At Barton's arraignment, Assistant U.S. Attorney David Conner, who is prosecuting the case, declared Barton had intentionally disturbed the campfire circle to allow flames to travel out into the forest. He charged that there had been no letter; that John Barton denied ever writing letters to her; that her love-gone-bad story was the silly fiction of a cornered firebug. If found guilty on four arson charges, she will face 17 to 65 years in prison.
Terry's public defender had no difficulty finding character witness after character witness to vouch for her: colleagues, her boss's boss, fire fighters and forest volunteers, all uncowed by public anger, standing by a friend who they said had made an unthinkable mistake. The judge denied the government's request to lock her up without bail; if she manages to raise 10% of her $600,000 bond, she can await trial in a halfway house.

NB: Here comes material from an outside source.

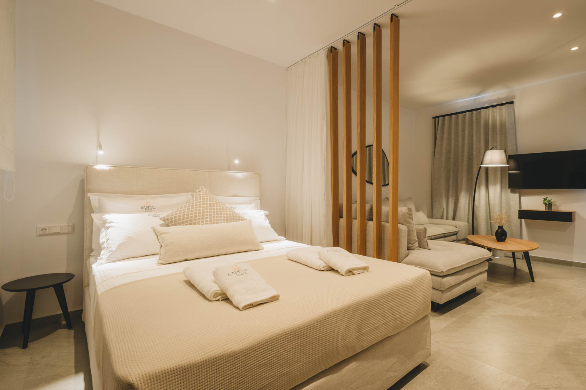 Capital Suites, a fresh addition to the enchanting island of Skopelos, invites you to experience authentic island hospitality in an atmosphere where elegance meets natural beauty. Each suite has been thoughtfully designed to provide the highest level of comfort and tranquility.

Her own home, 9,500 ft. above sea level, is a bright red frame house, with a hummingbird feeder, three or four cats, a chocolate Lab named Charma and a spectacular view of Pikes Peak. Visitors can see the plumes of the Hayman fire from the house, but the property is a model of caution. The firewood and the wood splitter are placed well away from the house, in accordance with Forest Service fireproofing guidelines. There's a golden eagle in the area; a black-bear sow comes and goes so freely it is practically a neighbor. Five times a week, to keep in shape for her job, Barton jogged down the 3.3 miles from the house to County Road 1 and then back up. Her mother Sue Haddock told TIME, "Terry loved that job so much it was pitiful. She worked so hard for everything she had, and for those two girls." (Her sister Carla is taking care of the Barton girls. John Barton could not be reached; his mother says he's now at a job in Northern California.)

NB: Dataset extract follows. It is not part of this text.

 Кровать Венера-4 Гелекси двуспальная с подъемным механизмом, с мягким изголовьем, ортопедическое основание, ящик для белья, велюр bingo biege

Terry grew up in Dunlap, Calif. After she dropped out of high school at the end of her junior year, she earned money by cooking and cleaning at a dude ranch and toiling in a fruit-packing shed, where she boxed oranges, peaches and nectarines. She soon realized that John, a carpenter who worked hard from one construction job to the next, had problems and did not have the kind of ambition she was discovering in herself. "He's not kind of a go-getter," says her friend Hernandez. While caring for two children, Terry enrolled in an adult-education class in 1992, got her high school diploma--and a job as a ranger.
She loved the outdoors, but working for the Forest Service was no picnic. Hernandez says Terry would mark timber for loggers, using spray paint that the wind blew into her face even as trees came crashing down around them. She went on ground patrol, sometimes stumbling over a corpse or a marijuana crop. Hernandez says she and her friend were victims of a sexual-harassment case, which was not settled to their satisfaction. That may have been one reason Barton decided to leave California in 1994. Another reason: to try to save her marriage.
"The first year they came back at Christmas," Hernandez recalls, "they were such a happy family. But it started to degenerate." Even as Barton received promotions at work, says Hernandez, the marriage was dying: "She'd come in really dragged out, really bummed out." John would come and go. By last Christmas, Barton wanted him to sign divorce papers. But he refused.
"The relationship had gone sour," says Connie Work, Haddock's neighbor in Dunlap and a spokeswoman for the family. Barton found the letter from John on the job, says Work, and just had to destroy it. "She never intended to cause what happened. She did her best, almost killing herself to put the fire out." But the cataclysm had been unleashed. "Some things," says Work, "just get out of control." If there was a letter, how those words must have burned.